Maître Eckhart, pour parler de cela, distingue entre une connaissance, une sagesse qu’il appelle «matutinale» — parce que c’est une sagesse qui puise à l’origine, à la racine — d’une sagesse qu’il appelle «vespérale» — parce que justement c’est une sagesse qui est tournée vers l’extérieur, vers les branches. C’est de cette dernière sagesse que relèvent toutes les sciences, tous les systèmes philosophiques, la psychologie... qui ne sont plus fondés sur la filiation de l’homme avec l’origine, avec le système cosmique. Dans la Voie, dans la tradition, on ne compte absolument pas sur sa force personnelle, on se repose, disait Shinran, sur «la force d’un autre». Cet autre, on peut l’appeler de bien des noms, on peut l’appeler «l’homme universel», on peut l’appeler «nature de bouddha», on peut l’appeler «divinité», «image de dieu dans l’homme», on peut l’appeler «nature propre», on peut l’appeler «le Soi», «la dimension supérieure»...
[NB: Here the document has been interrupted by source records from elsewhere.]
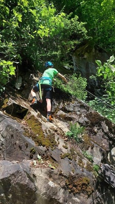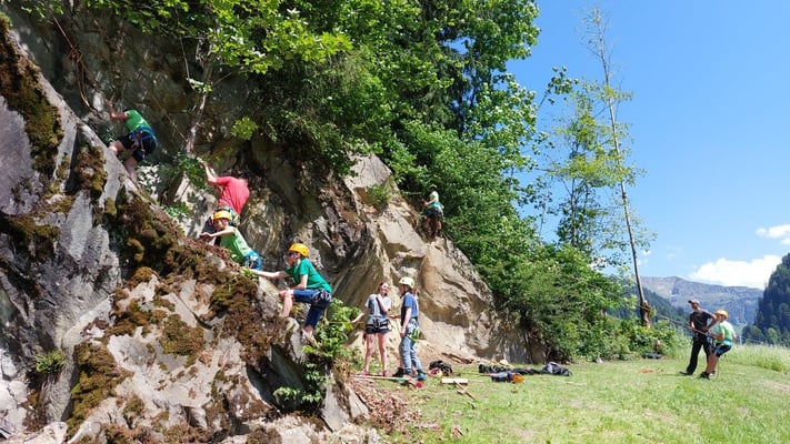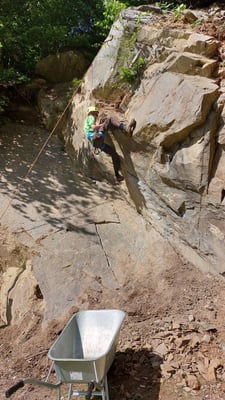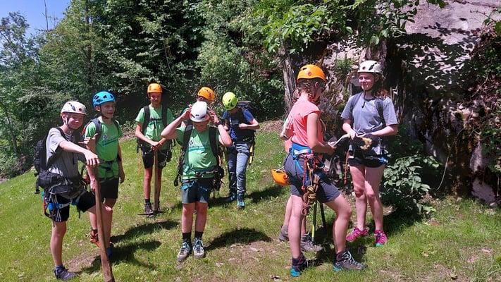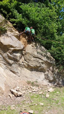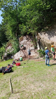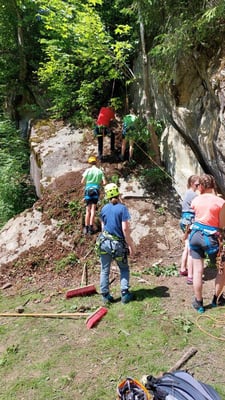 Zuerst mussten wir 3 Verankerungen an den Bäumen oberhalb des Steinbruchs bauen, wo wir uns nachher sichern konnten. Dann mussten zuerst die losen Steine und die lose Erde heruntergekratzt werden. Zwischendurch konnten wir unseren Durst mit einer Limonade stillen. Dann ging es weiter und wir bohrten noch Löcher in die Felsen und haben mit Schraubankern Zwischensicherungen und einen Stand verbaut.
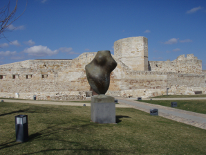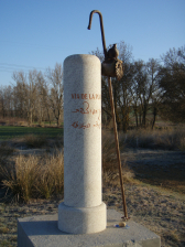Je slaat de eerste straat rechts in en vervolgens weer rechts en links. Vervolgens gaat het in rechte lijn naar Calle Odiel. Hier vind je een eerste monument voor de pelgrim met een “Buen Camino”.
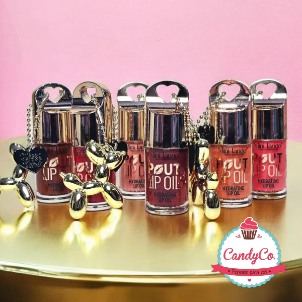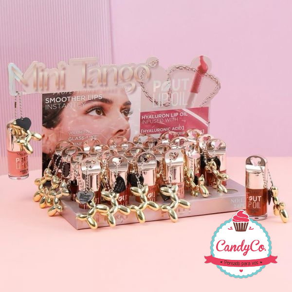 Brillo Labial Líquido con Dije Dorado Perro de Globo y Corazón Pout Lip Oil Hydrating Mini Tango
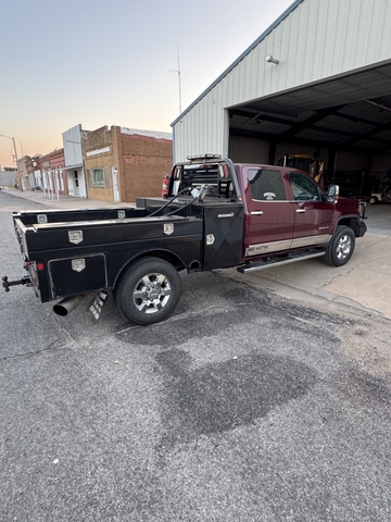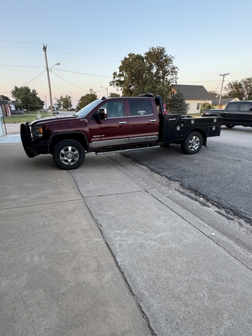 6.6 duramax, Allison transmission, 4x4, crew cab, 203,000 miles, new tires, never been wrecked, fully deleted and new cp3 pump, air bags with air pump and controls in cab, air tank for on board air, hazard lighting, auxiliary fuel pump with external fuel filters , 77 gallon bulk fuel tank with fuel pump, electrical charging post installed to rear of utility bed. Super clean truck.

Ce qui compte, c’est que les anciens et nous-mêmes, nous puisions, nous buvions à la même source et que nous marchions sur leurs traces, que nous expérimentions leurs expériences. Ainsi la tradition est sans cesse neuve, fraîche, limpide. Elle n’existe que par la vie que nous lui donnons ici et maintenant, en zazen.
Paradoxalement, en prenant refuge dans la tradition, en marchant dans la trace des anciens, on est dans quelque chose de toujours neuf, toujours frais, toujours vivant, alors qu’en voulant créer de toute pièce par soi-même, par ses facultés personnelles, quelque chose de nouveau, on ne produit que des pensées mortes, des systèmes hautement périssables, instables, qui ne tiennent pas debout, sans arrêt remis en cause, balayés par d’autres inventions.
C’est pourquoi en zazen, ce n’est pas la peine de suivre ses idées personnelles, de s’arrêter sur aucune image, sensation. On laisse passer, on s’ancre dans sa posture, dans sa présence, jusqu’à ce qu’il n’y ait plus de séparation, jusqu’à ce qu’il n’y ait plus que l’unité primordiale, actualisée dans la posture.
La tradition à laquelle nous appartenons — le zen, le chan — restera vivante tant qu’elle sera vivante en nous. Tant que nous actualiserons l’accomplissement des anciens sages. C’est ce qu’on appelle dokan, l’«anneau de la Voie». Maître Eckhart dans son langage disait: «Le père éternel engendre sans fin son fils éternel.» Génération après génération, nous donnons vie, nous donnons corps à cette sagesse, cette intuition, cette harmonie avec la réalité sans début ni fin.